AG: Hayır. Dünyanın her yerinde oldu, bizde deprem olcak zannettik. Bir kitle var ki memur şehri Ankara, tiyatroya çok düşkün ama bu kadar çabuk televizyondan  sıyrılan bir ülke ve sanata yönelen bir ülke yok. Bizim için bir istiraydı, 6 da kapanır yine bunları syerde, hayır. Bütün bölgelerde kapalı gişe oynanıyordu.

OT:  Türkiyede çok devam eden müzikaller var ama bir, London Show'a,  Broadway'e baktığımızda yıllarca, senelerce 25- sene  50 sene oynuyor.

AG: Şuaradan kaynaklanıyor, Türkiye'de memur sanatçısınız, bir yere bağlısınız, burada ne yapıyor Cüneyt Gökçer, orkestra, koro , operadan geliyor bu arkadaşlarımız. Biz onun üzerine tekrar para ödemek zorunda kalıyoruz ki bunun için de çok uğraştı Cüneyt. Bakan geldi dediki "Aynı kurumda olan insanlar gelecek çalacaklar, gelecek koroda oynayacaklar" Herkes yavaş yavaş hastalanmaya başladı. Zor hem opraya çalacak, hem senin müzikaline çalacak. Onun içinde fevkalade zor dönemdi o dönemler. 

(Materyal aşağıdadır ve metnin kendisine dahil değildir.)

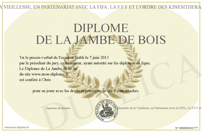 Envoyez par email votre Diplôme de La Jambe de BOis personalisé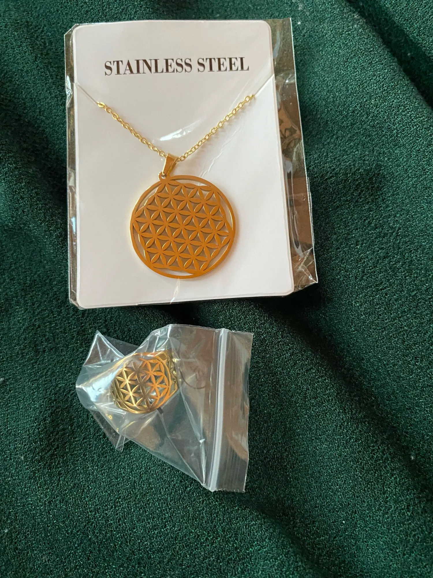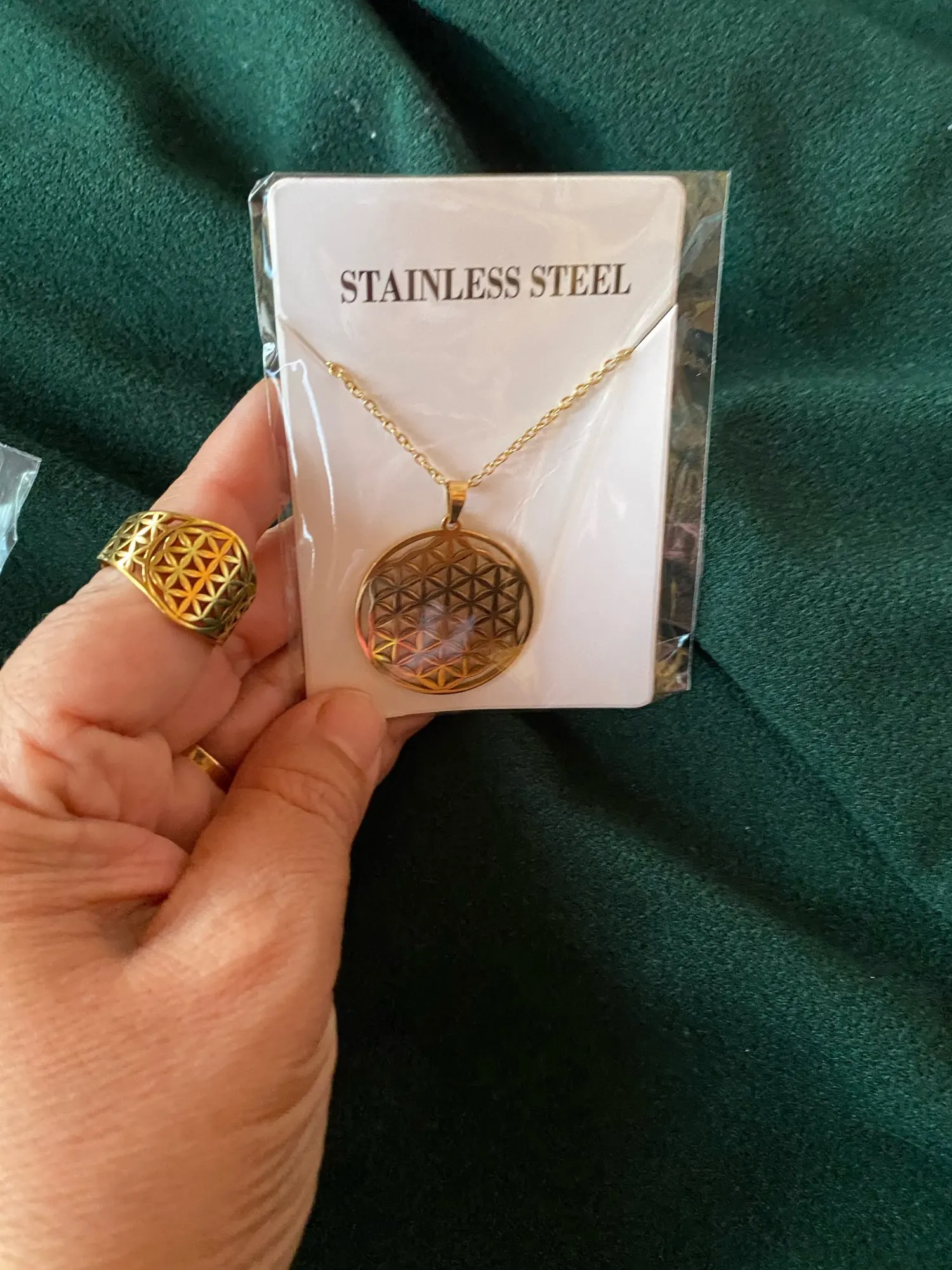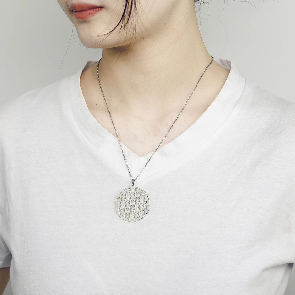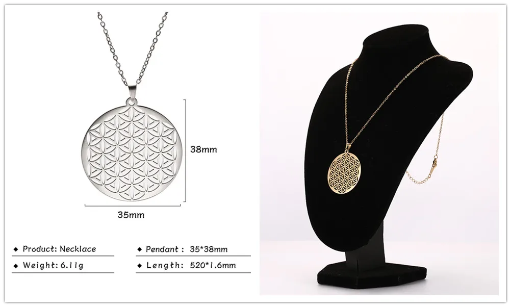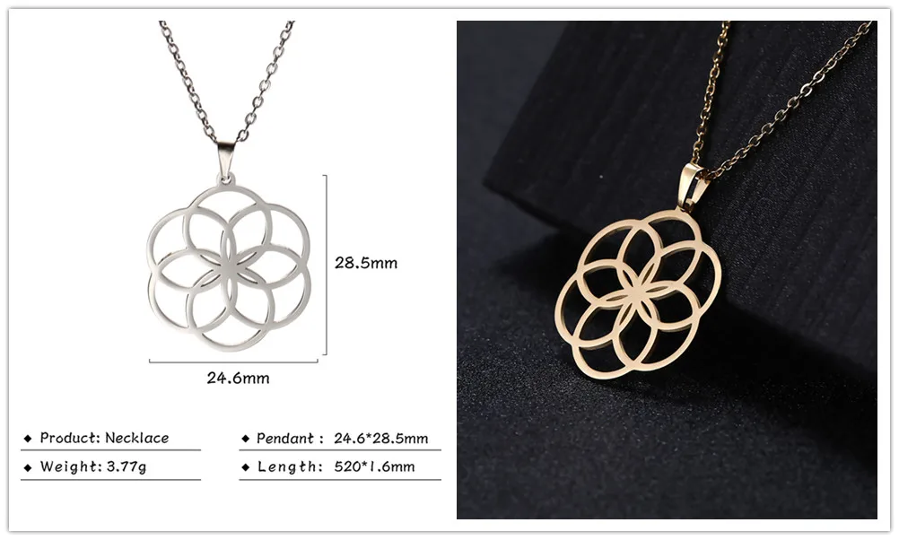 Ожерелье с круглой подвеской Skyrim из нержавеющей стали с цветком жизни, Золотая Мандала чокер ожерелье с цепочкой, ювелирное изделие, подарок для женщин и девушек

FB: O dönem ile bu dönemi karşılaştırsanız

AG: O kaliteyi bir daha hiçbir zaman tutturamazlar.

FB: Bizim televizyon kurumumuz, sizinle  Yılan Hikayesi'nde  birlikte çalıştık, çok güzel bir çalışmaydı. Rahmetli Osman Yağmur Dereli yapımcılığını yapıyordu, Siz, Meltem Cumbul Mehmet Ali Alabora. O dönemlerde siz devamlı Ankara'ya gidip, geliyorsunuz . Hep derdik size "Neden İstanbul'a yerleşmiyorsunuz?" Bunu söylerken size şunu söylemek istiyorum; Siz hep Cüneyt Bey'in Ankara'da kalmak istediğini, üniversitede öğrencileri ile kalmak istediğini , o düzeni bırakmak istemediğini söylerdiniz.Allah rahmet eylesin Cuneyt bey vefat edince İstanbul'a yerleştiniz. Ben bunları söylerken kendi kendime şunu söyledim, yıllarca Ankara'dan göç başladı. Sanat ve kültür göçü. Ankara'nın o muhteşem tiyatro hayatı İstanbul'a doğru kaymaya başladı. Sanatçıların çoğu gelmeye başladı.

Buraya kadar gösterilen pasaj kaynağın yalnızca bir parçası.